第138章 典制北门(10)

陈襄连连赞叹,夸道:“君子重义轻利,原当如此。”

司马康一笑,谦逊几句,将陈襄请进客厅。陈襄见客厅中陈设精雅,诸物尽皆一丝不苟,心里暗暗点头。司马康待陈襄坐了,亲手从仆人手中接过茶来奉上,这才转身对仆人说道:“快去知会老爷,便说京师陈大人光临。”仆人应声退出门外。司马康又站在陈襄下首,笑道:“听说最近京师伯淳先生与正叔先生各出了一部新书,伯淳先生说天理自在宇宙洪荒之间,若要明天理,非得穷究万物之理,得其本原真相,而格物之道,虽不得少体悟,却还得从实物中去寻;正叔先生则说天理本在人心之中,格物之道,是穷致其理,凡物之理,精妙无穷处,需得从人心中去寻。昔日二程先生在洛,愚侄也曾听过教诲,似乎主张相近,不料数年之后,竟有殊途之虑。大人是饱学名儒,却不知大人以为二程之说孰是孰非?”

陈襄不料司马康张口便问起学问上的分歧,而且是近来在儒林惹得纷纷扰扰的二程兄弟分途之事,不由笑道:“殊途无妨,若能体悟天道与圣人的仁心,从实物中寻也罢,从人心中寻也罢,只要能寻到,便是正道。依老朽之见,程伯淳颇受石子明所倡之逻辑学影响,凡事皆欲寻其道理是如何来,却不知道道理之得,有时候便是羚羊挂角,无迹可寻的;而程正叔则太重体悟,虽然也常说吾日三省吾身,却怕有一日落入玄想之中。”

“述古兄见识不凡。”一个沉稳的声音从门外传来。陈襄知是司马光到了,忙站起身来迎接。司马光笑着走进厅中,与陈襄对揖一礼,寒喧数语,再次分宾主坐了,道:“方才说到二程。述古兄可知二程之分途,原因究竟何在?”

陈襄微微一笑,道:“无非是石子明。”

司马光摇摇头,徐徐说道:“从表面上看来,自然是石子明。但究其实,则无非是内圣与外王孰轻孰重的分歧。二程之说本来是欲从内圣中求外王之道,从人心中求天理,桑长卿在《白水潭学刊》中著文说,这种主张之实际就是要让士大夫皆成圣贤,再来感化了贩夫走卒,皆成圣贤,若其有一样不能成圣贤,那么由外圣而求外王,终不可得,这却是见识敏锐之语。而自石子明大张杂学、重《论语》以来,其赤帜却是直接由外王而外王,他将一切过往视为奇技淫巧之事,都用一个‘仁’字包了,他说那些奢侈之物卖给有钱人,国家从中多征一分税,则可以让百姓少出一分税;他说商人若能使一个地方物价平稳,则商人之仁与圣人之仁无异……如此等等,则石子明竟不止是想由外王而外王,竟是想由外王之术,而入内圣之道。白水潭有学子鼓吹:时时有坏心,却不得不做好事,要好过时时存着善心,却全然不做好事;吃斋念佛颂经一世,不若耕田一岁功德大……”
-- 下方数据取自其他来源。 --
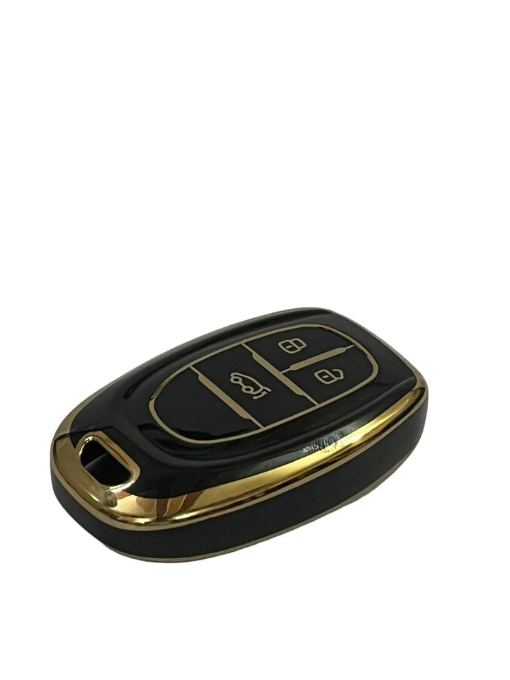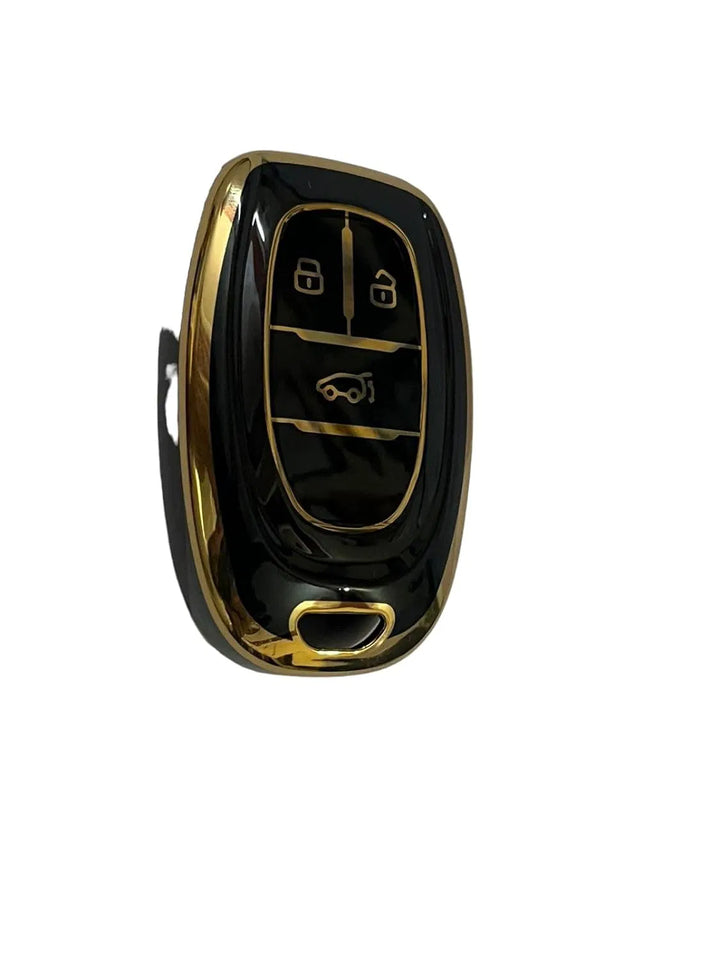 TPU Car Key Cover Fit for MG Gloster 3 Button Smart Key (Blk/Gold).
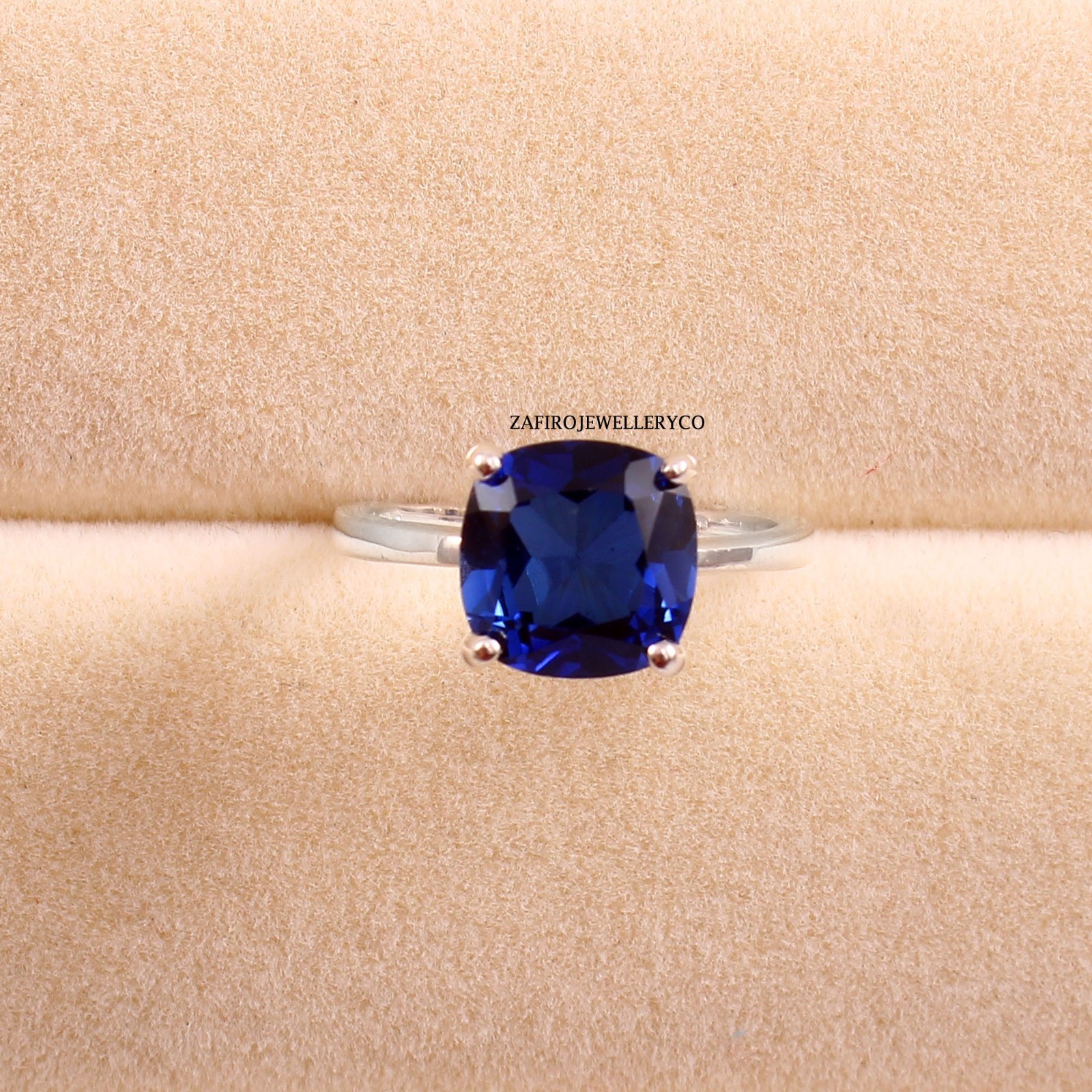Blue Sapphire Ring, Promise Ring, Engagement Ring, Lab Created Sapphire

陈襄仔细揣摩着司马光的话语,他知道司马光与自己其实差不多,是两汉以来经生的门徒,他们相信从五经之中,能找到经世济用的方法,能找到致天下太平的方法。因此他们的本质上,相信外王之道更甚至相信内圣之道,虽然他们也认为外王内圣才是最理想的人生。从司马光的这番话中,陈襄努力想读出一丝褒贬来,却终是一无所获。

“那君实是以为程伯淳这是回归外王之道了?”陈襄试探着问道。

司马光点点头,“程伯淳是有志于事功的人,他是白水潭学院的首领之一,日日受到石学影响,若还一成不变,那便是咄咄怪事。”

“那君实以为这是好是坏?”陈襄决定单刀直入。

司马光沉吟一会,方道:“学风归于朴实,自然也是好事。由杂学而入经学,未必不能找到一条新路——程伯淳的转变,无论如何,我以为都是一桩大事。但石子明之学说,过份相信外王便可以治天下,甚至以为外王可以及于内圣,未必没有隐忧。只是这是百年之后的事情,以光之才,不能预料。”

陈襄不由笑道:“如今天下之学,十分之七,都归于外王了。除石学外,王介甫之新学,实际也是公羊家之遗意,不脱于外王之学,若真有隐忧,那程正叔的学说,未必没有他存在的道理。也许百年后纠正浮弊,便要靠程正叔了。可见世间之上,有阴必得有阳,有阳必得有阴。”

司马光听陈襄言辞当中,意味深长,竟似别有他意,不由一怔,想起受王安石嘱托来见自己的智缘说的话来:“学士(注:司马光时为资政殿学士)与相公,虽都不在朝中,却无一日不在皇上心中。相公的宰相做得与常人不同,怨谤虽多,威信亦大,不得万不得已,皇上不会再下旨往江宁,但给学士的诏旨,依小僧看,迟则一年,快则半年,必然下来。相公之意,是盼着学士莫要推辞,朝中那位学士,志向本事皆是难得,但少年得志,或有孟浪处,上上下下,多有不放心的、忌恨的,若有学士在朝中,则朝野都能安得住心,便于那个学士也是有好处的……又有一事,学士的风骨,九重之内也知道的,诏旨断不会轻易下,毕竟会有一个人先来——依小僧看,或者便是陈述古……”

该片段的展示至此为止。